AURORE
Je m'appelle Guillaume et depuis quelques jours
Je viens de reprendre la direction du collège.
Cette année je suis en quatrième et j'ai donc quelques repères
Dans ce quartier que chantait Claude Nougaro,
Ce poète jazzy qui avait grandi ici à coté de la cité
Où les frangins de Zebda avaient poussé.
Je l'avais croisée parfois dans la cour,
Assise sur un banc à gratter quelques arpèges.
Moi aussi je jouais un peu de la guitare que m'avait offerte mon père
Et je m'aventurais déjà à quelques solos.
Elle jouait des reprises dont je reconnaissais les sonorités,
Une musique triste et bluesy qui moi aussi m'avait inspirée.

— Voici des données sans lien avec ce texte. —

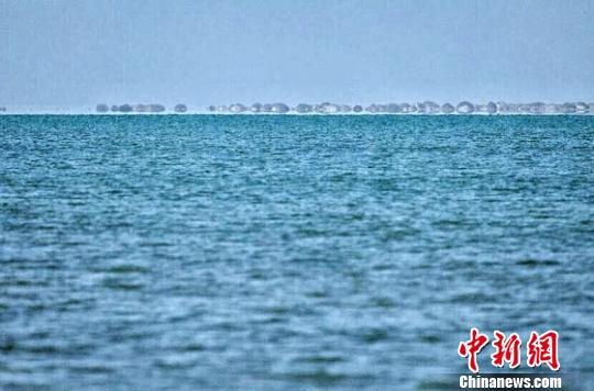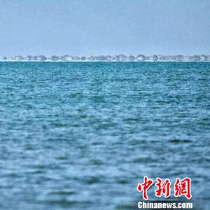 甘肃敦煌盐碱荒滩现碧波湖面 引民众戈壁“看海”

Ses parents avaient emménagé durant l'été dans notre tour.
Ils avaient monté jusqu'au troisième, tel un manège,
Leurs valises et quelques cartons marqués fragile en repère.
Monopolisant l'ascenseur une journée où le soleil chauffait trop,
Elle ne prenait jamais l'escalier comme si elle en était exemptée.
Elle était plus jeune que moi et devait commencer la sixième à la rentrée.
Au loin je l'aperçus pendant que je remontais tranquillou
L'avenue des Minimes jusqu'au passage piéton au bout.
Elle n'avait pas l'air d'oser traverser
Et le sac sur son dos courbé semblait peser.
Les autos, vélos, motos ne cherchaient pas à s'arrêter.
Son comportement en m'approchant m'apparut craintif,
Je tendis la main vers le premier véhicule, en mode un peu agressif
Il nous laissa nous engager arborant un visage peu expressif.
Il repartit sans nous regarder, j'espère un peu honteux !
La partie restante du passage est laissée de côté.